To position portfolios for the “second wave” AI boom, in which non-tech companies integrate and apply AI technology to improve margins and accelerate growth, investors should look to identify companies that are financially healthy to engage in cap-ex spending. With interest rates still elevated, companies with healthy cash flows and a track record of spending on R&D will obtain a first mover advantage on building out their AI strategies. Screening the Large Cap universe of stocks for those with highest ratio of R&D spending to Revenue yields non-tech companies such as Deere (DE), Johnson & Johnson (JNJ), and Schlumberger (SLB). Expanding the search into Small- and Mid-Caps reveals companies such as medical device maker Edward Lifesciences (EW), chemical maker FMC Corp (FMC), and glassmaker Corning (GLW). Even newspaper publisher the New York Times (NYT), which sued Microsoft and OpenAI over ChatGPT’s tendency to plagiarize its content, recently announced plans to hire AI-specialized staff. While there is no guarantee that these companies will successfully integrate AI into their respective businesses, identifying firms willing to spend on R&D may be a way to find the next, less-obvious beneficiaries of the AI revolution.

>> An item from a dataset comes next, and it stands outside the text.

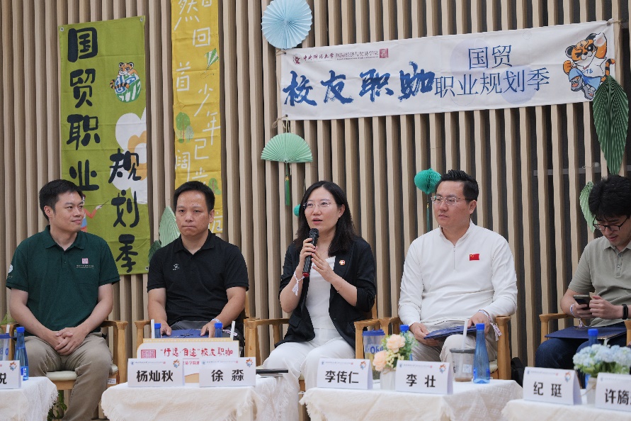 随后在各位校友与嘉宾围绕“从敲门砖到引航舵——职场通关与人生修炼”的主题展开了交流,李壮先生针对当下毕业生的求职困惑,通过分享自己的求职经历,强调了“专注”的重要性,他介绍了自己在“金融+科技”领域深耕细作的故事,鼓励在校生把握时代动态、探寻发展机遇。杨灿秋校友深情回顾了在校时光,他以自身从基层到管理岗的职业发展经历,强调 “保持学习能力是应对职场挑战的关键”,希望青年学子们在实践中打磨素养、积累认知。卢昭明校友在分享中展现了国贸学子多元化的职业发展路径,他认为,面对快速更迭的就业环境,需以开放心态勇闯不同领域,在实践中积淀经验、锤炼能力。许旖珊校友深耕国内证券研究行业,她围绕自己从在校时期到职场发展的经历,深入剖析了锚定职业目标对于她成长过程中的重要性,她以独特视角诠释国贸人的守正创新精神。李传仁校友分享了从中财本科到深造再到求职的故事,呼吁毕业生逐步发现和锻炼自己的能力,以实干促发展,善于在瞬息万变的工作环境中把握住机遇,以过硬的专业知识和优秀的工作能力,争取宝贵机会。高仁尚校友分享了个人求学经历与职业感悟,他讲到,面对业务转型挑战,唯有持续学习方能精进,他对国贸学院校友会搭建的交流平台表示感谢,并表示今后也将继续助力学院,为提升在校生就业核心竞争力贡献自身力量。李佳琪校友深入浅出地剖析了蓬勃发展的大数据产品行业,她强调,主动沟通是学习的捷径,数据分析能力是互联网行业的核心驱动力,建议同学们在专业学习中,既要夯实数据工具应用与逻辑分析的基础能力,又要培养跨场景沟通和协作能力。龚艺校友结合在互联网公司的工作经历,强调要利用实习实践、校友交流等机会,提前了解职业生态与核心胜任力,将市场分析实践与思维有机结合,紧盯市场的风向标。余纪磊校友从个人在互联网公司产品研发量化岗位的工作经历中提炼感悟,他认为,初入职场的毕业生完成从 “任务式思维” 到 “探索式思维” 的转变尤为重要。

AI is looking less like a dot-com bubble 2.0 and more like a revolutionary breakthrough that will unlock efficiency and alter the way companies do business in years to come. AI is already spreading beyond the technology sector and in a few short years, will likely be a universally necessary strategic initiative across all major industries. Investors can capitalize on the AI boom by looking beyond the obvious beneficiaries and positioning their portfolios on the crest of the “second wave”.